WORK INSTRUCTION. Print, word for word, every line from the beginning of the listing up to and including the line with "A social media". Pictures are to be excluded.

○ ○ ○ ○ ○

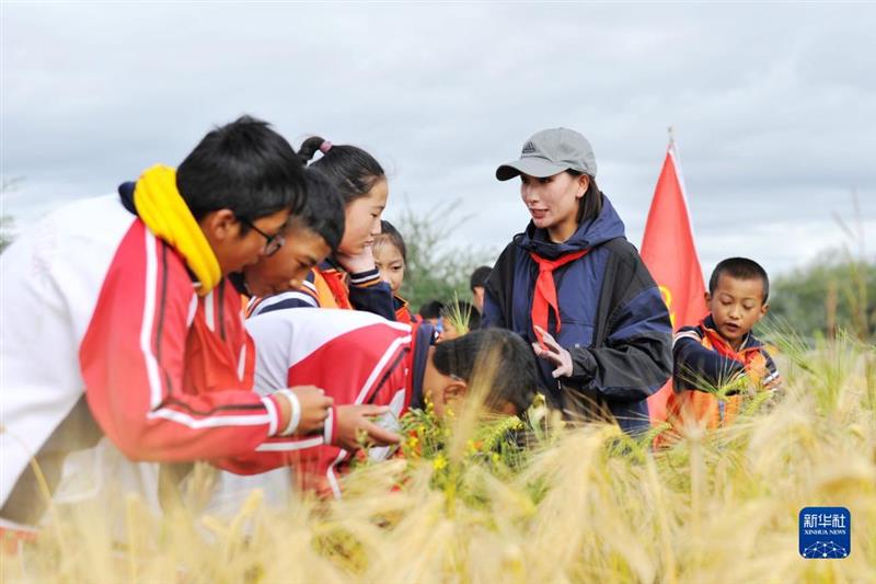 日喀則市上海實驗學(xué)校的學(xué)生們在青稞地里聽講解(9月17日攝)。 時下正值青稞成熟的季節(jié),西藏日喀則市上海實驗學(xué)校40余名師生來到日喀則市甲措雄鄉(xiāng),參與當(dāng)?shù)氐那囡崭睿选八颊n”上在青稞地里。學(xué)生們在實踐中體會勞動的艱辛,在收獲中感受勞動的快樂。 新華社發(fā)(潘杰 攝)日喀則市上海實驗學(xué)校德育副校長潘杰和學(xué)生在青稞地里交流(9月17日...
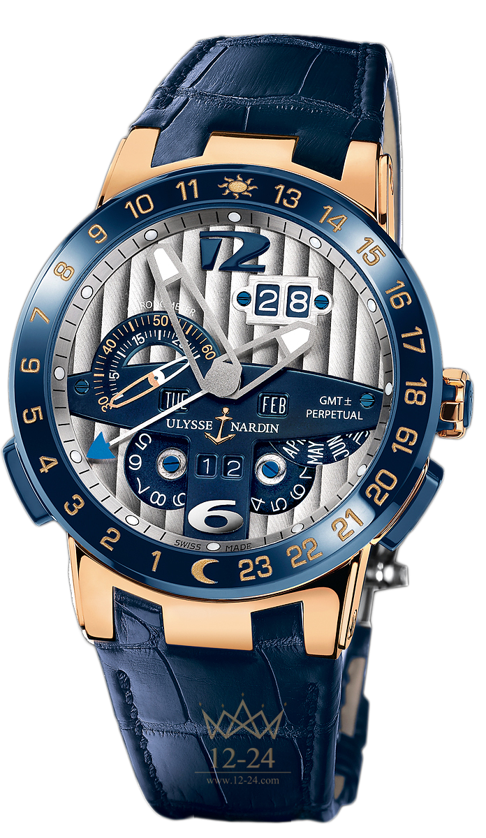 Это часы с высокотехнологичным вечным календарем, а также с индикацией времени второго часового пояса. Корпус из 18-каратного розового золота/керамический корпус диаметром 43мм. Голубой циферблат. Калибр 13¼" UN-32. Водонепроницаемость 100 метров. Ремешок из кожи аллигатора.
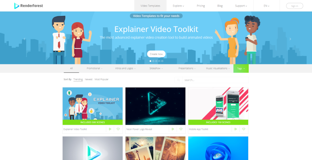 A social media video tool with an ease of use comparable to anything else out there, Renderforest allows you to publish videos directly to social media channels such as Facebook, Pinterest, Instagram, Google+, and Twitter. The free plan has a watermark on the content made by it which can be overcome by going premium
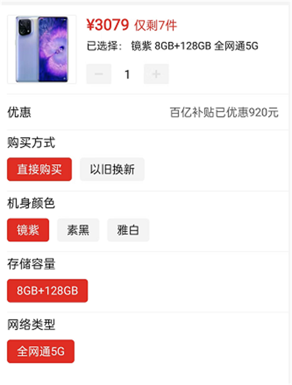 满打满算,Find X5系列也才上市3个月左右。这款手机上市的时候价格为3999元,现在拼夕夕已经举起了砍刀,直接杀到了3079元。近1000块钱的补贴,也是相当给力了。
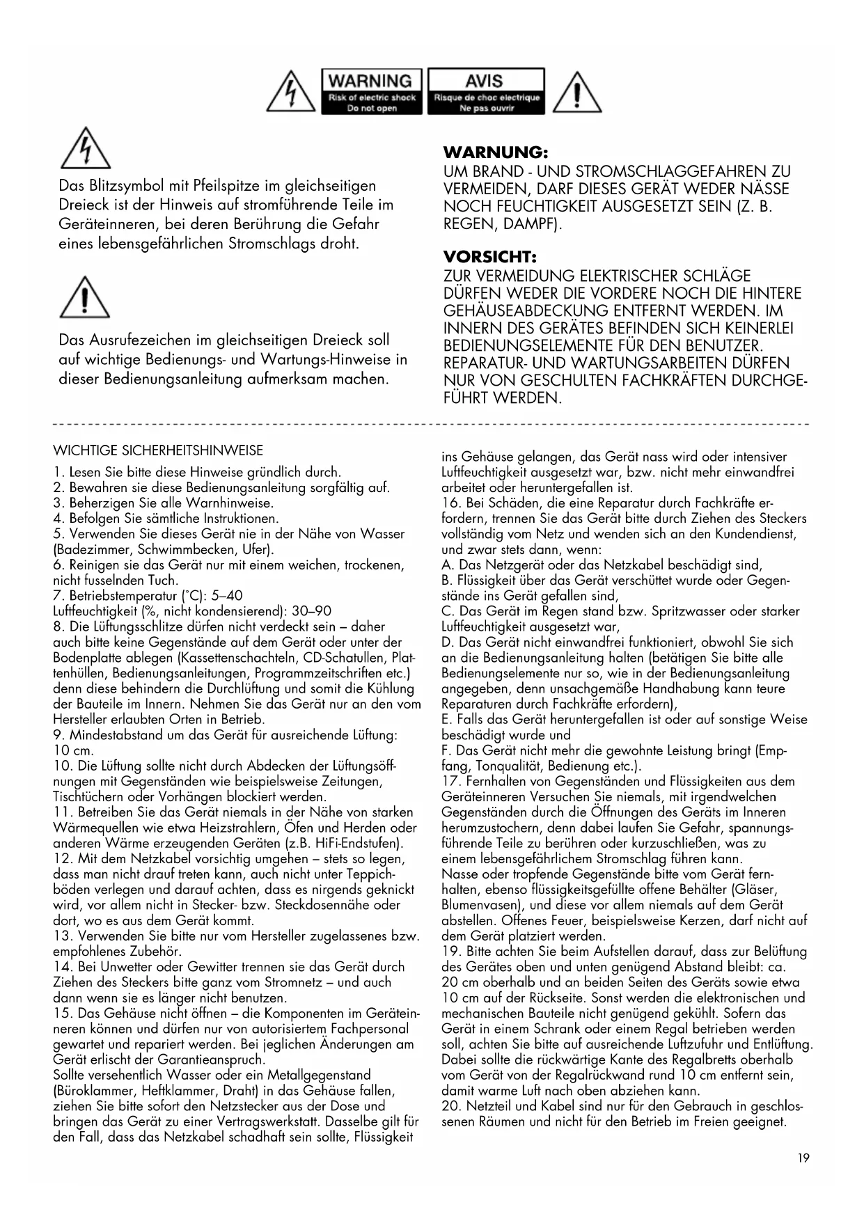Geräteinneren Versuchen Sie niemals, mit irgendwelchen Gegenständen durch die Öffnungen des Geräts im Inneren herumzustochern, denn dabei laufen Sie Gefahr, spannungs- führende Teile zu berühren oder kurzuschließen, was zu einem lebensgefährlichem Stromschlag führen kann. Nasse oder tropfende Gegenstände bitte vom Gerät fern- halten, ebenso flüssigkeitsgefüllte offene Behälter (Gläser, Blumenvasen), und diese vor allem niemals auf dem Gerät abstellen. Offenes Feuer, beispielsweise Kerzen, darf nicht auf dem Gerät platziert werden.
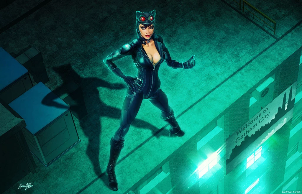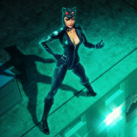 a Catwoman costume, standing confidently with her hands on her hips. She is wearing a black and gray outfit that includes cat-themed details, such as ears and a mask resembling

○ ○ ○ ○ ○

TASK RESPONSE.
 日喀則市上海實驗學(xué)校的學(xué)生們在青稞地里聽講解(9月17日攝)。 時下正值青稞成熟的季節(jié),西藏日喀則市上海實驗學(xué)校40余名師生來到日喀則市甲措雄鄉(xiāng),參與當(dāng)?shù)氐那囡崭睿选八颊n”上在青稞地里。學(xué)生們在實踐中體會勞動的艱辛,在收獲中感受勞動的快樂。 新華社發(fā)(潘杰 攝)日喀則市上海實驗學(xué)校德育副校長潘杰和學(xué)生在青稞地里交流(9月17日...
 Это часы с высокотехнологичным вечным календарем, а также с индикацией времени второго часового пояса. Корпус из 18-каратного розового золота/керамический корпус диаметром 43мм. Голубой циферблат. Калибр 13¼" UN-32. Водонепроницаемость 100 метров. Ремешок из кожи аллигатора.
 A social media video tool with an ease of use comparable to anything else out there, Renderforest allows you to publish videos directly to social media channels such as Facebook, Pinterest, Instagram, Google+, and Twitter. The free plan has a watermark on the content made by it which can be overcome by going premium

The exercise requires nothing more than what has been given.